The Demo.Feature.Flags project demonstrates how to incorporate feature flags into your codebase, providing a way to control the availability of features at runtime. This approach can be beneficial in scenarios such as:

  • Canary releases or gradual rollouts of new features
  • A/B testing or experimentation with different feature variants
  • Selectively enabling features for specific users, environments, or conditions
  • Turning features on or off without redeploying the entire application

The project includes examples of how to define feature flags, how to check their status in the application code, and how to manage the configuration and state of these flags. It may also showcase integration with feature management services or libraries that simplify the process of managing feature flags at scale.

By exploring this demo project, developers can learn best practices for implementing feature flags, understand the benefits and trade-offs of this technique, and gain insights into how to incorporate feature flags into their own applications for better control over feature releases and experimentation.

What LaunchDarkly?

LaunchDarkly is a feature management platform that helps software teams control the delivery of features to their applications. It allows developers to turn features on or off for specific users, segments of users, or for everyone through the use of feature flags.

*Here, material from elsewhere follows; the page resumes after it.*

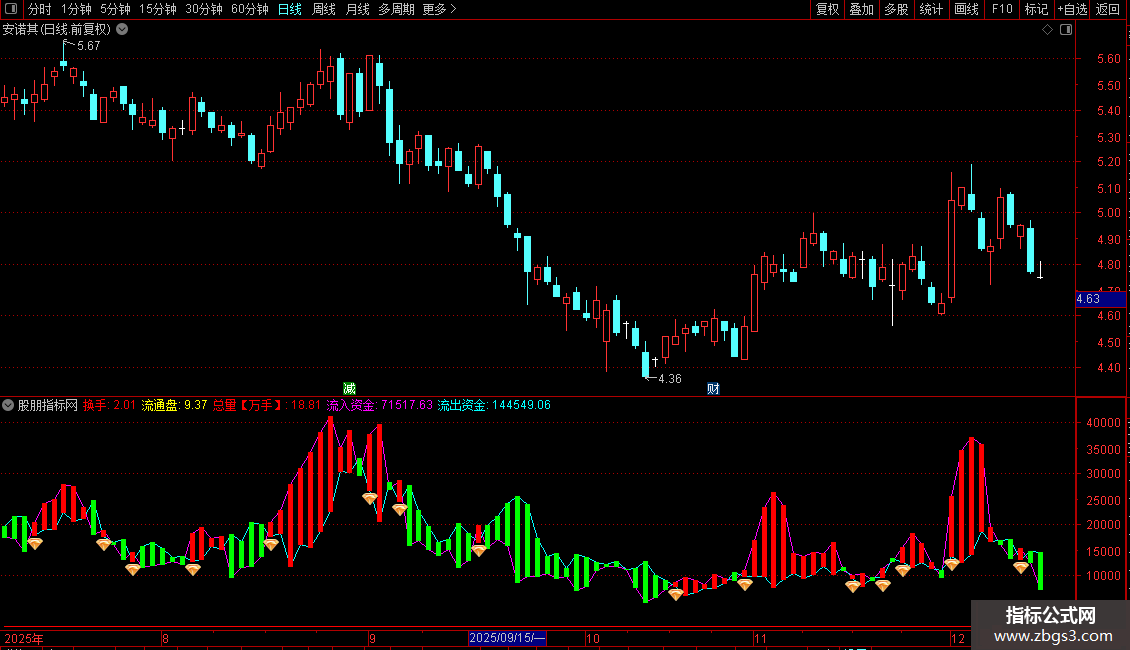 STICKLINE(流入资金>流出资金,流入资金,流出资金,1.6,0),COLORRED;

Decouple our code from their-party libraries

To isolate third-party libraries in our code and make it easier to change vendors, we can use the following approach:

  1. Dependency Inversion Principle: Instead of directly using the third-party library in our code, create an interface or abstract class that defines the contract for the functionality we need. Then, implement this interface/abstract class using the third-party library.
  2. Dependency Injection: Instead of creating instances of the third-party library directly in our code, use dependency injection to inject the implementation of the interface/abstract class we created. This way, we can easily swap out the implementation with a different one if needed.
  3. Facade Pattern: Create a facade class that wraps the third-party library and exposes only the functionality we need. This way, our code only interacts with the facade class, and we can easily replace the underlying third-party library without affecting the rest of our code.

By following these principles and patterns, we can decouple our code from the specific third-party library, making it easier to change vendors or upgrade to a new version of the library without having to modify your entire codebase.